Al escuchar aquello, los señores de la casa se miraron con pesar.

—Mariana, tu madre —se explicó Jacinta—, tiene una tumba muy bonita, que cuidamos a menudo. Lástima que no podamos hacer lo mismo con la de tu padre…

—Intentaré averiguar qué le sucedió a mi padre. Alguien debe saber algo. Porque, además de poder compartir con vosotros unos días, después de tanto tiempo, no haber podido asistir a su funeral ha sido el motivo fundamental de este viaje —manifestó Angiolo, con cierta rabia y dolor contenidos.

—Quiero decirte, sobrino, que desde hace tiempo, una vez a la semana, se acerca un hombre de edad avanzada a la tumba de tu madre y le pone flores —explicó Ricardo—. No es del pueblo, nadie ha hablado con él ni le conoce, pero desprende una gran caballerosidad en sus gestos, según hemos podido apreciar.

—¿Siempre es el mismo día cuando ese caballero viene a visitar la tumba de mi madre? —se interesó profundamente Angiolo.

—Sí, los viernes —informó Jacinta.

—Mañana es viernes, precisamente —respondió al instante Angiolo.

—Pues es verdad, mañana, después del desayuno, os acompañaremos al cementerio si queréis, primo —expuso con júbilo Enmanuela.

—¡Claro que quiero que nos acompañéis! —respondió Angiolo. Y añadió—: Después de la cena, aunque es algo tarde, quiero salir un momento a la calle, porque más que sentir cansancio, lo que deseo es volver a respirar el aire de este querido pueblo que me vio nacer, y al que no venía desde hace tanto tiempo.

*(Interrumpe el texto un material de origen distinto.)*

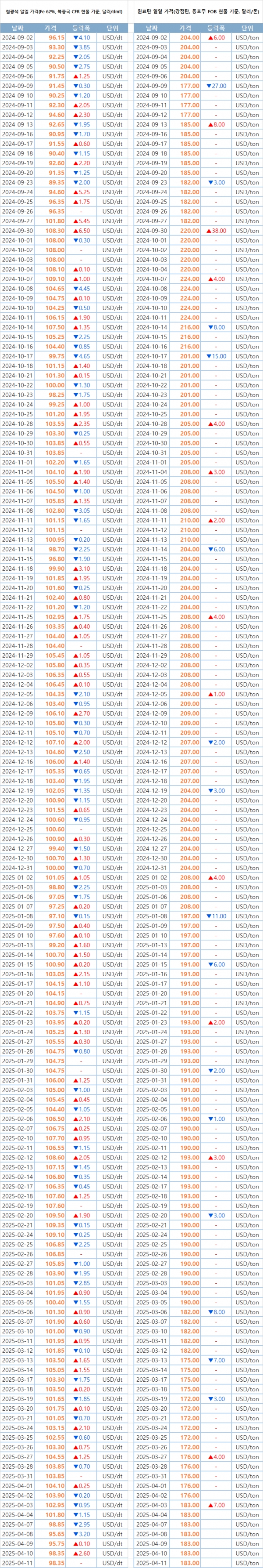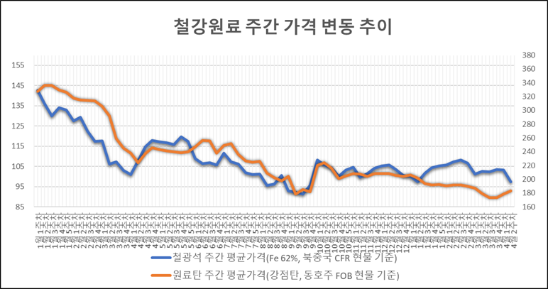 [표] 일일 철강 원료 가격 동향(4월 11일)

—Si me lo permites, me gustaría acompañaros, amigo Angiolo —sugirió Bruno.

—Como quieras.

—Yo me voy a la habitación, estoy muy cansado —musitó Mauro, mientras iban retirándose las bandejas y el crujir de las brasas de la chimenea ponía una nota musical en el ambiente.

Angiolo y Bruno se prepararon en pocos minutos para iniciar aquel paseo nocturno, después de haberse abrigado bien. Y, tras despedirse de los demás, salieron al exterior. En aquellos instantes, las campanas del reloj de la torre de la iglesia repicaban las once, y una calma absoluta reinaba en las calles y plazas de Caderzone; solo el lejano maullido de un gato alteraba la quietud de aquel gélido escenario, y el metalizado chirrido de la veleta de la torre, movida por el viento.

—Oigo el silencio de las sombras que, como niebla invisible, se esparce por el interior del pueblo, especialmente durante las largas noches de invierno, como espectrales sombras fantasmales que juegan con las frías luces de las lámparas de aceite —dijo con voz callada Angiolo, para no despertar a los vecinos de las casas próximas, que ya se habían retirado a dormir, mientras deambulaban en medio de la soledad urbana de la noche—. De pequeño jugaba por todos estos rincones; aún quiero oír los gritos y risas de la infancia, y nuestra osadía de atrevernos a entrar en los patios de algunas casas, saltando las tapias o forzando viejas cerraduras, siendo perseguidos luego por el sereno y escondiéndonos bajo las ramas de un árbol, para contemplar las escenas de amoríos prohibidos, y los tambaleantes pasos de un borracho por la calle, haciendo esfuerzos por mantenerse erguido —recordó, y después añadió—: No ha pasado el tiempo. Estos lugares no se han borrado de mi memoria. Pero, al mismo tiempo, no dejo de pensar en mañana, con el afán por conocer a ese enigmático admirador de mi madre —dijo quedamente.

—Estaré contigo en todo momento —comentó Bruno, mientras pasaba su brazo derecho sobre los hombros de Angiolo.

—Muchas gracias, amigo.

Ya de vuelta, Bruno se acordó de su cometido, y los pensamientos atormentaron su mente. «He de enviar un nuevo mensaje al cardenal, pero no sé si ya habrá regresado a Trento. Si no está aún en palacio, es probable que los mensajes se pierdan o caigan en manos peligrosas. Por lo tanto, prefiero no mandar más palomas hasta no saber de Madruzzo. También me preocupa la seguridad de Margarethe, espero que haya llegado bien a Rovereto…».